◆ **Given data**:
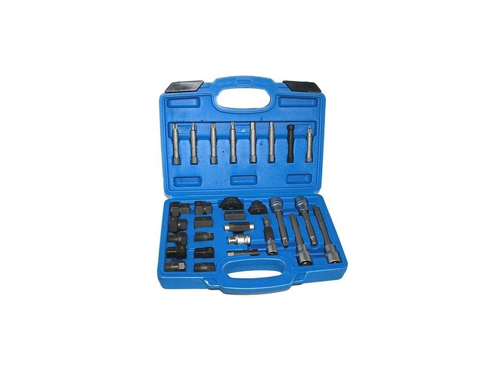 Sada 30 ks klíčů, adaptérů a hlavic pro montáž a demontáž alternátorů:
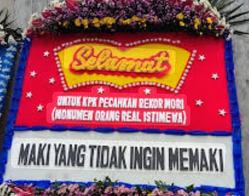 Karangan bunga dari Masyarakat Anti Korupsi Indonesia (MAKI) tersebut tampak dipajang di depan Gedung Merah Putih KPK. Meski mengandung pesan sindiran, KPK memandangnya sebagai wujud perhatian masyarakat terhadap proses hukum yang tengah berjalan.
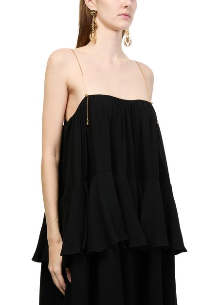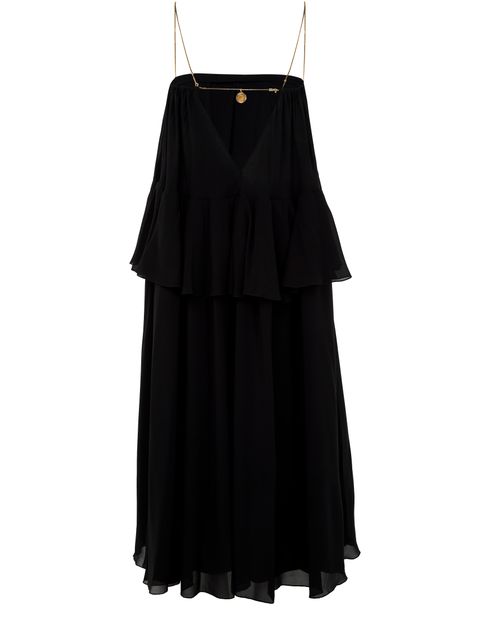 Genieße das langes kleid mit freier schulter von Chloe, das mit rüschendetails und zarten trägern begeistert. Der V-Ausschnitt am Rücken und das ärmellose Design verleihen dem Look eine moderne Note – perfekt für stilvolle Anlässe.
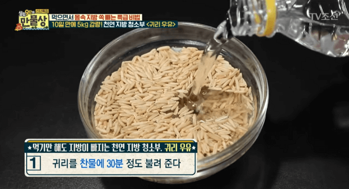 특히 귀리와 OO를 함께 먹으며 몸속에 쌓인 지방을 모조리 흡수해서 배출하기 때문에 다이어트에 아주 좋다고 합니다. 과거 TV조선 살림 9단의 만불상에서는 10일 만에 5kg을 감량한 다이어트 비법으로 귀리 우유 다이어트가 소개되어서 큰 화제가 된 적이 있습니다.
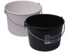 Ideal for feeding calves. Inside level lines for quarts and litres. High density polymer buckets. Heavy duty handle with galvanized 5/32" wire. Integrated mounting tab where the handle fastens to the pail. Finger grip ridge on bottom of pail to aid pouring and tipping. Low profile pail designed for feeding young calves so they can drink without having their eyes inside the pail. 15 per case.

* * *

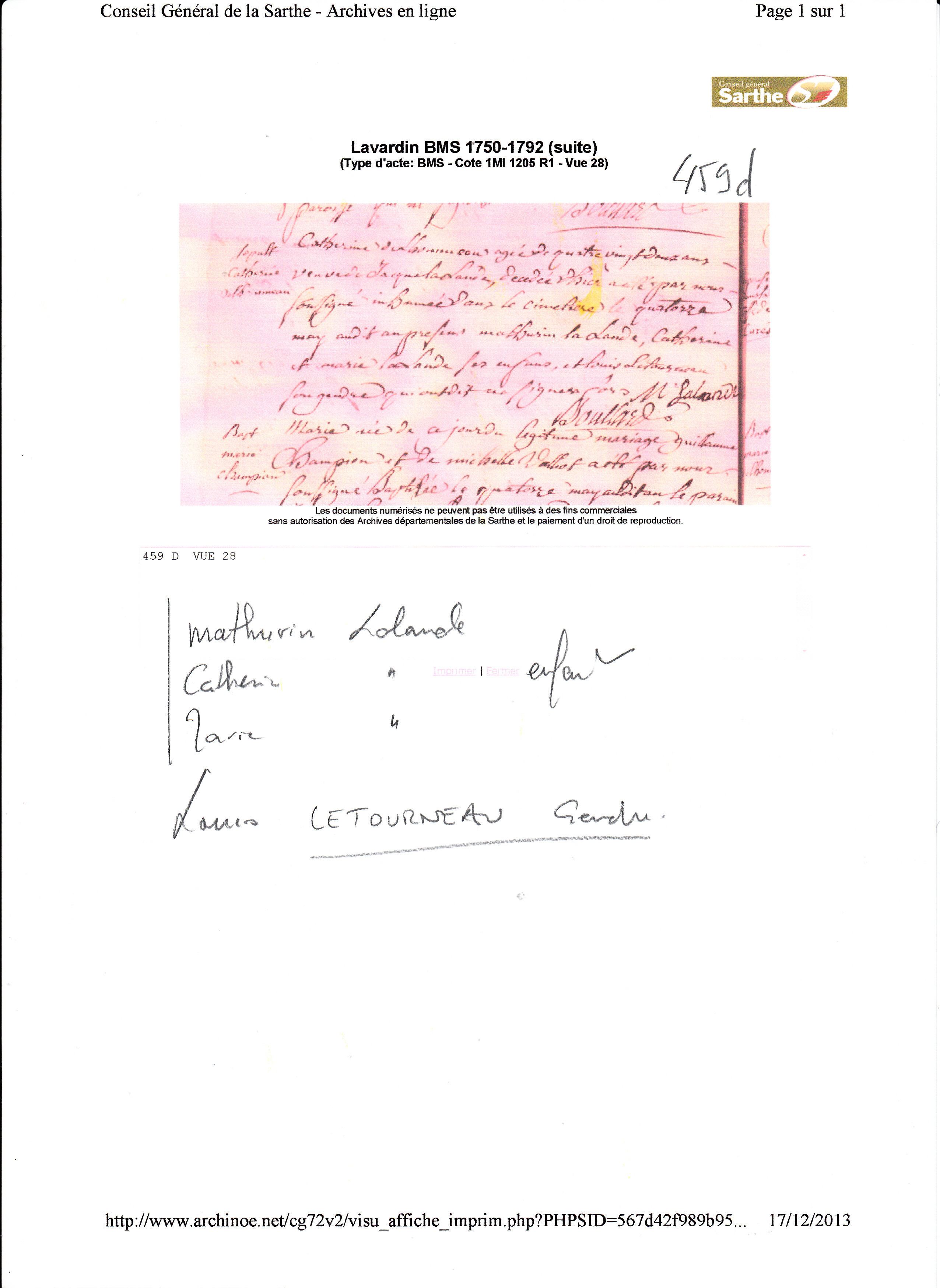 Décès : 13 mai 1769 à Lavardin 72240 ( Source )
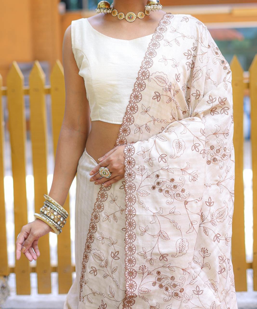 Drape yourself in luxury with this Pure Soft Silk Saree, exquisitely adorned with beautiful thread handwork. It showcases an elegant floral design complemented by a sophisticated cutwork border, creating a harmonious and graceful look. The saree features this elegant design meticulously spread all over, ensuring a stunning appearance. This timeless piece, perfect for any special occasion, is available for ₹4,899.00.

...

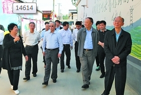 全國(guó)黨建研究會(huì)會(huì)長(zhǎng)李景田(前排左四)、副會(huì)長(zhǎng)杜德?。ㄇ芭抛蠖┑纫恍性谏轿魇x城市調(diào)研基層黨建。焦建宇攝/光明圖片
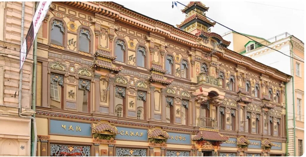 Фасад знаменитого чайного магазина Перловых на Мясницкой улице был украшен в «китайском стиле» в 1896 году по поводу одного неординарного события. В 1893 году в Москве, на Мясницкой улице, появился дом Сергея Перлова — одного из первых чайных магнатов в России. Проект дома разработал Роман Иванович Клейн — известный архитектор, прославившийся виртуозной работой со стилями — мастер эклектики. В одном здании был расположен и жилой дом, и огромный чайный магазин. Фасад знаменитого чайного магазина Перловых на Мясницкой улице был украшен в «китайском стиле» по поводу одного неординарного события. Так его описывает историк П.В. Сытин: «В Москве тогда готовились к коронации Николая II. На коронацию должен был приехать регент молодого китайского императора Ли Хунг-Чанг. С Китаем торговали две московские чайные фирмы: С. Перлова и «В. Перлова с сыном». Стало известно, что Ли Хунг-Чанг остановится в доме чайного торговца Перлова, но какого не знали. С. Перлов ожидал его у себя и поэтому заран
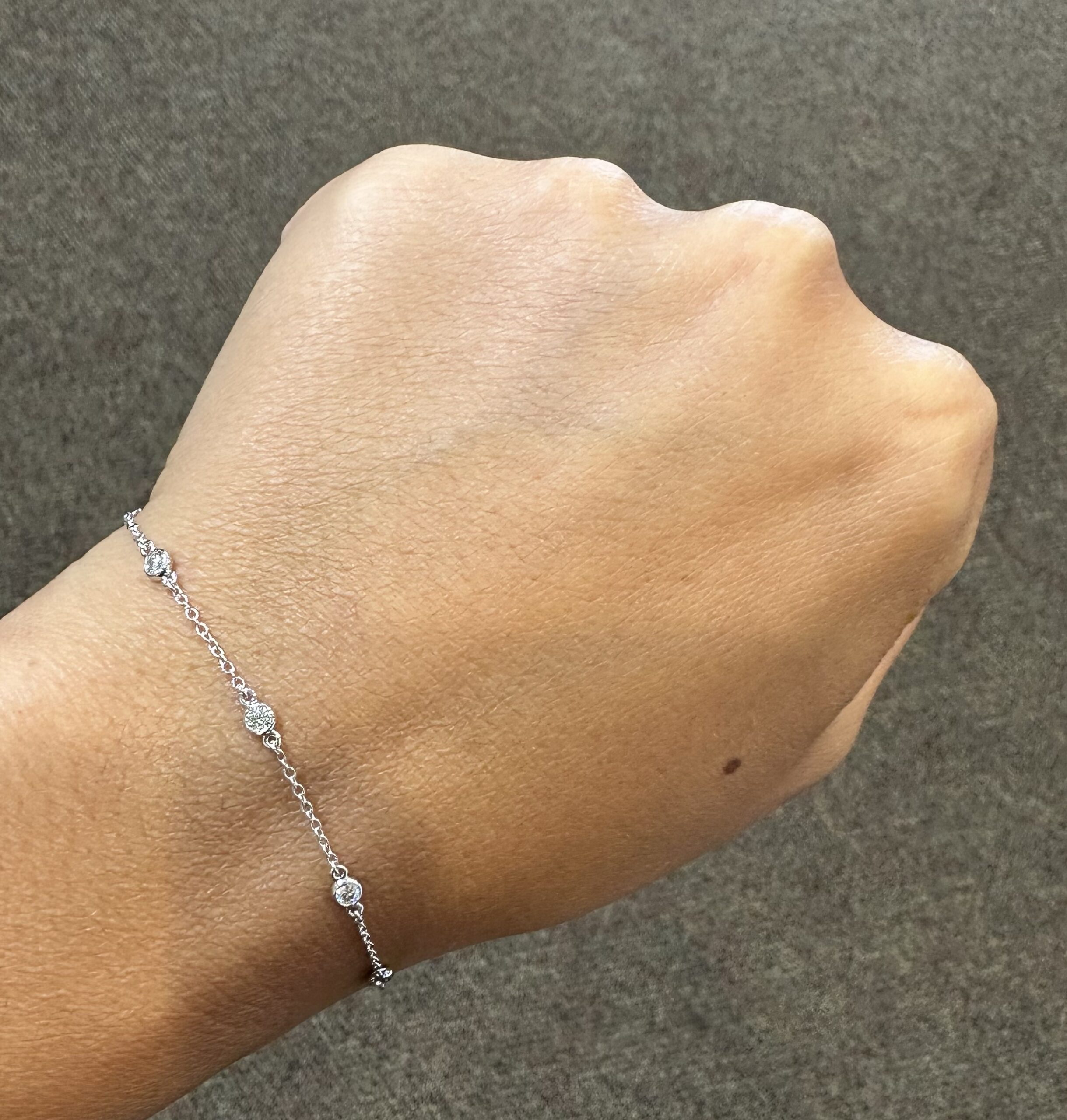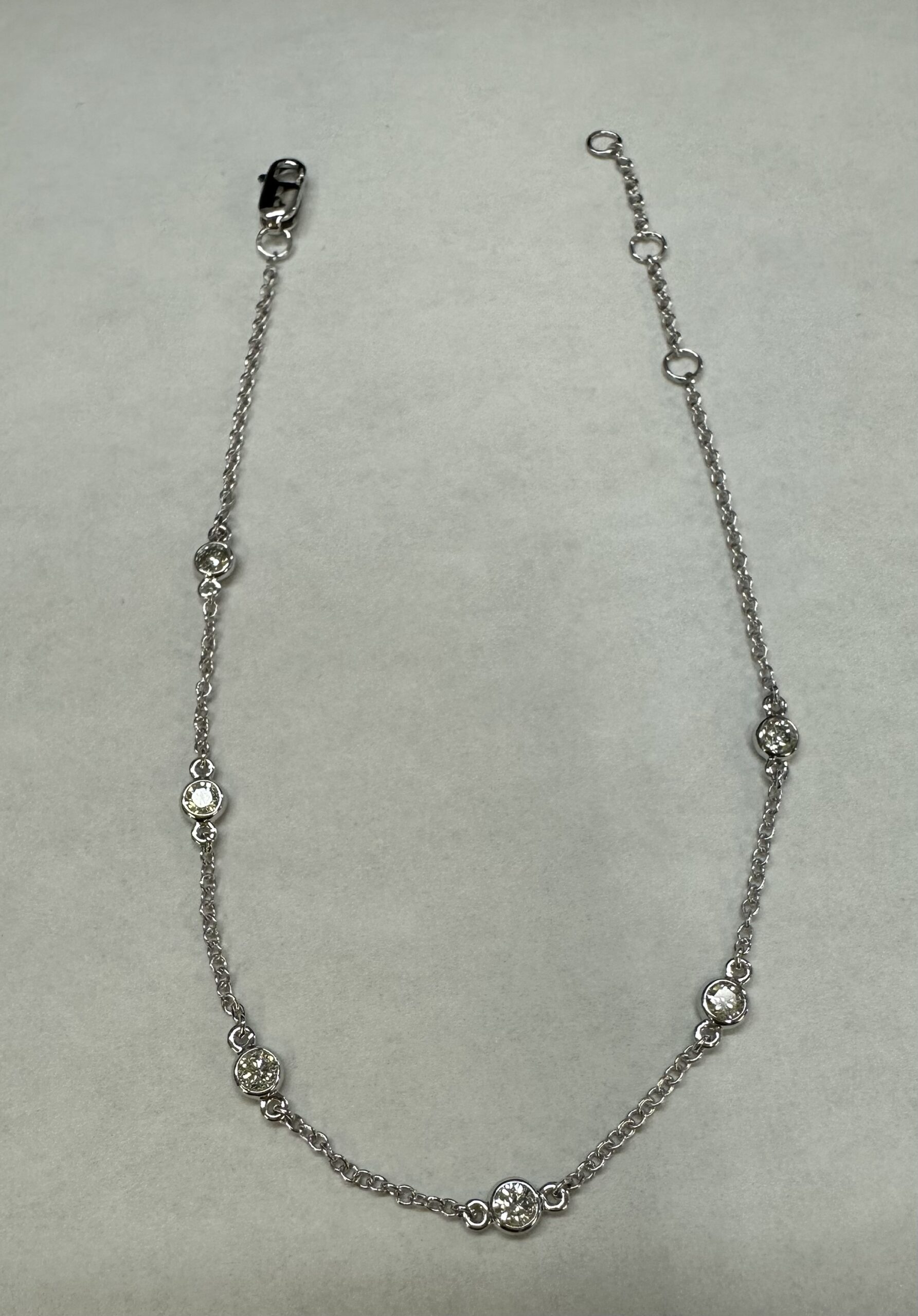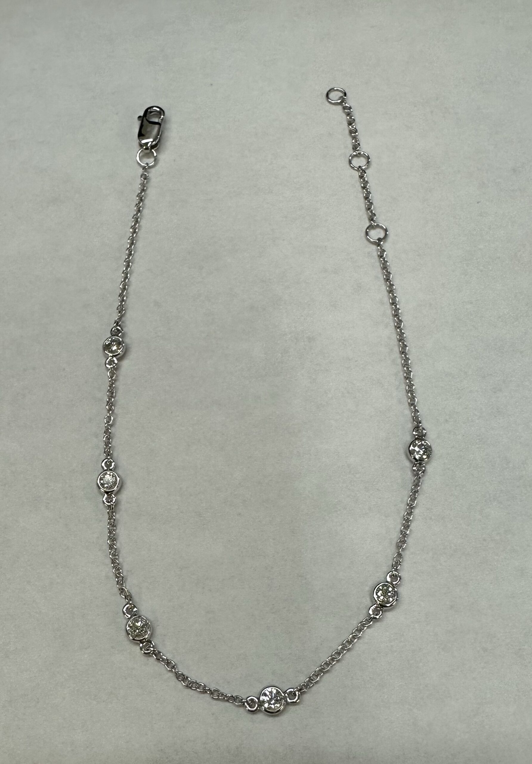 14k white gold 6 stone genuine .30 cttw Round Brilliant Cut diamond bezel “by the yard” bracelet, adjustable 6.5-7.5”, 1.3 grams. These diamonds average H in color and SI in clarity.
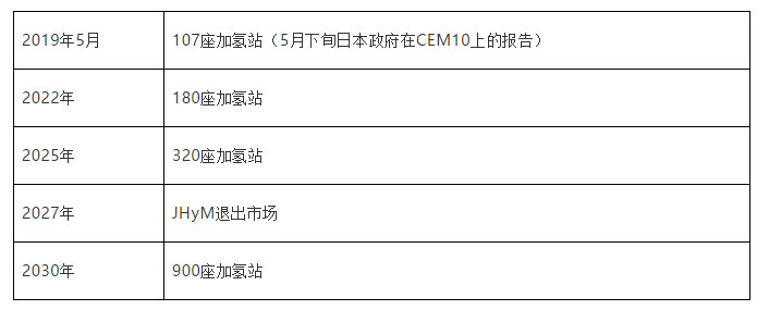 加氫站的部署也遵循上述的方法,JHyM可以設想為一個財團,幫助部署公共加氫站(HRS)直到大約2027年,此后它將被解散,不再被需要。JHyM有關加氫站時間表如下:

◆ **Task**:
Give again, exactly as written above, every line from the one holding "Sada 30 ks klíčů, adaptérů" to the one holding "Karangan bunga dari", with both ends kept and the pictures left out.

◆ **Final answer**:
 Sada 30 ks klíčů, adaptérů a hlavic pro montáž a demontáž alternátorů:
 Karangan bunga dari Masyarakat Anti Korupsi Indonesia (MAKI) tersebut tampak dipajang di depan Gedung Merah Putih KPK. Meski mengandung pesan sindiran, KPK memandangnya sebagai wujud perhatian masyarakat terhadap proses hukum yang tengah berjalan.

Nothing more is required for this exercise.